# Recorded information:
⁂

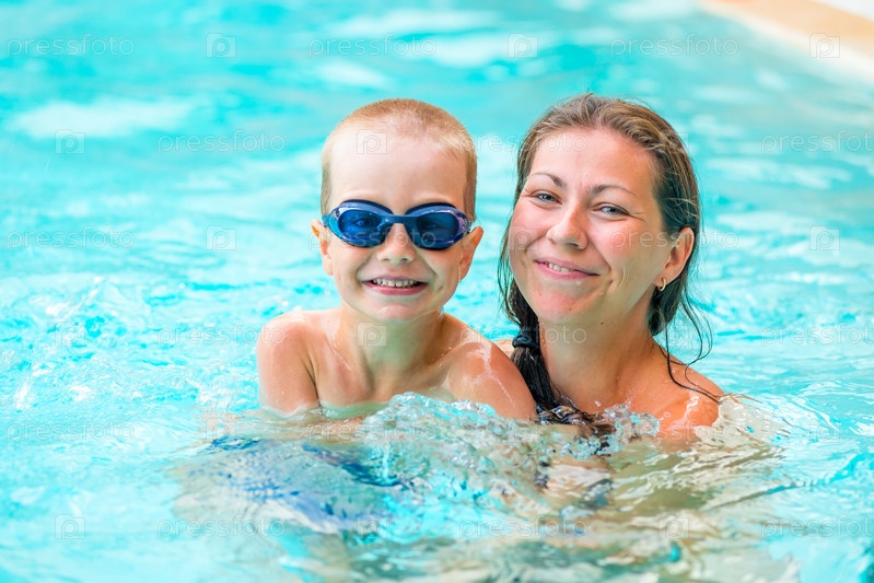 Женщина с сыном в бассейне
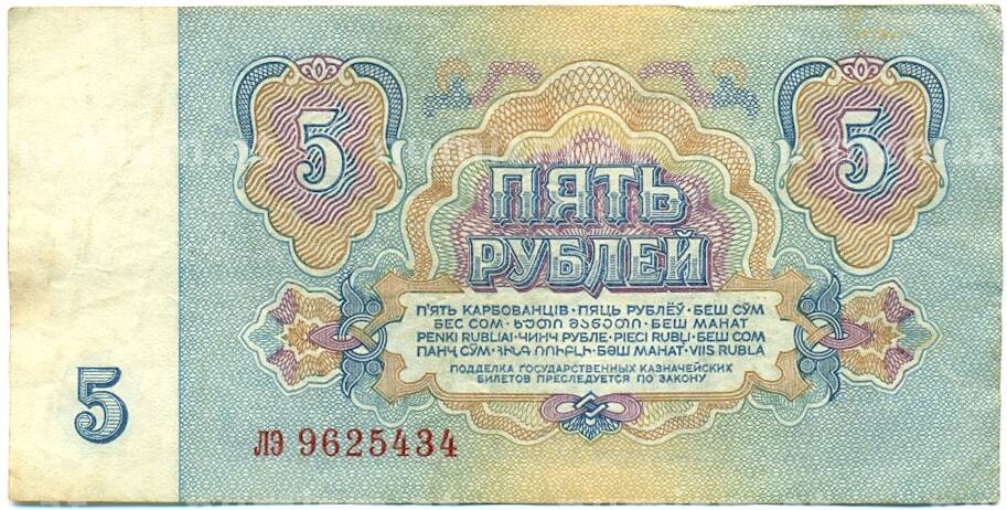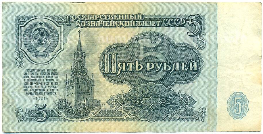 • Банкнота 5 рублей 1961 года (Артикул: K10-9166) — Фото №1 Банкнота 5 рублей 1961 года (Артикул: K10-9166) — Фото №2
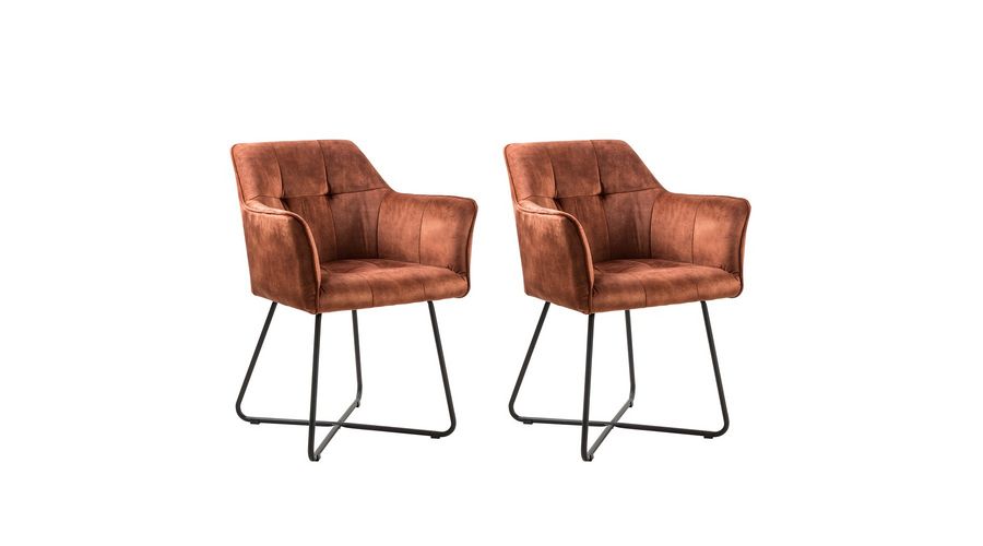 Modern jedilniški stol oblazinjen v mehko žametno tkanino z visokimi rokonasloni. Sedišče in hrbtišče je narejeno iz vezne plošče, oblazinjene s peno debeline 7 cm in oblečeno v tkanino, ki je na hrbtišču prešita, po sedišču in rokonasloni ima poudarjene šive. Podnožje je narejeno iz okroglih kovinskih cevi, obdelano s prašnim lakiranjem v črno mat barvo. Dimenzija okroglih cevi nog je 1,6x3,2 cm. Maksimalna nosilnost stola je 120 kg.

⁂

# What needs to be done:
Output exactly, and with no pictures, the lines from the line that holds "K10-9166) — Фото №2" through the last line of the listing above.

# Response area:
 • Банкнота 5 рублей 1961 года (Артикул: K10-9166) — Фото №1 Банкнота 5 рублей 1961 года (Артикул: K10-9166) — Фото №2
 Modern jedilniški stol oblazinjen v mehko žametno tkanino z visokimi rokonasloni. Sedišče in hrbtišče je narejeno iz vezne plošče, oblazinjene s peno debeline 7 cm in oblečeno v tkanino, ki je na hrbtišču prešita, po sedišču in rokonasloni ima poudarjene šive. Podnožje je narejeno iz okroglih kovinskih cevi, obdelano s prašnim lakiranjem v črno mat barvo. Dimenzija okroglih cevi nog je 1,6x3,2 cm. Maksimalna nosilnost stola je 120 kg.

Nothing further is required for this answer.